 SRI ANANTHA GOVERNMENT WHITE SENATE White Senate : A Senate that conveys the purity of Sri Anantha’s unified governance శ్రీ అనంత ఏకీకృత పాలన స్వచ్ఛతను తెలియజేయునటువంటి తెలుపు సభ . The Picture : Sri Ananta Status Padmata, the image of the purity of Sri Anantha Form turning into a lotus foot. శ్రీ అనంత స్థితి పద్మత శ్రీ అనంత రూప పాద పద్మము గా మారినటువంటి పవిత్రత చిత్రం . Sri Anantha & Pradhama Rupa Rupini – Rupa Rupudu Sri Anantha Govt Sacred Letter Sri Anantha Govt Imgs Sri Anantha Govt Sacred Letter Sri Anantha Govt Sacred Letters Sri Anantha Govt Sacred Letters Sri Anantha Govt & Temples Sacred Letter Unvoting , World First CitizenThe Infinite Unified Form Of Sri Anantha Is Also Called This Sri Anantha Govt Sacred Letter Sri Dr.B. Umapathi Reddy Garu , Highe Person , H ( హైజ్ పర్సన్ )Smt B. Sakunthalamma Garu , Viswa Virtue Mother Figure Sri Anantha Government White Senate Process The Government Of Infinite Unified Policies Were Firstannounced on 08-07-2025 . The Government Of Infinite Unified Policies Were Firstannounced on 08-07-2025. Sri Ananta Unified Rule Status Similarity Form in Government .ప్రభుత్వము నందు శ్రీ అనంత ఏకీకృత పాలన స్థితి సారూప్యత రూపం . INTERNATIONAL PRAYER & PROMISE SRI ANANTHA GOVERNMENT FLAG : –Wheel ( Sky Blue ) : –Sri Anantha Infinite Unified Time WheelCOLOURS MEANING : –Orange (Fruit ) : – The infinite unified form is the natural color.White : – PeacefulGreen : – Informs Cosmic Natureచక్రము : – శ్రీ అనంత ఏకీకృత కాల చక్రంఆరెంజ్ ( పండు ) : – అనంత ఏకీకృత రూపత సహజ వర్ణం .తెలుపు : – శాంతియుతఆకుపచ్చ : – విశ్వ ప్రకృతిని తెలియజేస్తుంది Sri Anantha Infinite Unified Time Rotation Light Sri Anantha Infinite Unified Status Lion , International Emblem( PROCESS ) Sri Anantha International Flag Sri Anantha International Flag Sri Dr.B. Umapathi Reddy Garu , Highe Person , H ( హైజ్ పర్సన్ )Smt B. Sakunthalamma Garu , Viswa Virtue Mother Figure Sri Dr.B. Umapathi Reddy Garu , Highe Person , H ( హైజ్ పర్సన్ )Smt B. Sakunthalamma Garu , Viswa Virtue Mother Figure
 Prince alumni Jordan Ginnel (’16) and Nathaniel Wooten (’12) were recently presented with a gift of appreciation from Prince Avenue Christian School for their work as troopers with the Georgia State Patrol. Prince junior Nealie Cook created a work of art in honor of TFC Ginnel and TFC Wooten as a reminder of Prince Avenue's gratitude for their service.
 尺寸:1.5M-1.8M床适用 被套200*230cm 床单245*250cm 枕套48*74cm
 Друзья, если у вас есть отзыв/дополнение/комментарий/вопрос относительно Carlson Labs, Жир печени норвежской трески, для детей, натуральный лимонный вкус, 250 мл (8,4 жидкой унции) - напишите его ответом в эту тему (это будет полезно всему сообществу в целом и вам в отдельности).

● What needs to be done
Begin with the line that contains "Prince alumni Jordan" and end with the last line of the material above. Set down that range exactly.

● Output
 Prince alumni Jordan Ginnel (’16) and Nathaniel Wooten (’12) were recently presented with a gift of appreciation from Prince Avenue Christian School for their work as troopers with the Georgia State Patrol. Prince junior Nealie Cook created a work of art in honor of TFC Ginnel and TFC Wooten as a reminder of Prince Avenue's gratitude for their service.
 尺寸:1.5M-1.8M床适用 被套200*230cm 床单245*250cm 枕套48*74cm
 Друзья, если у вас есть отзыв/дополнение/комментарий/вопрос относительно Carlson Labs, Жир печени норвежской трески, для детей, натуральный лимонный вкус, 250 мл (8,4 жидкой унции) - напишите его ответом в эту тему (это будет полезно всему сообществу в целом и вам в отдельности).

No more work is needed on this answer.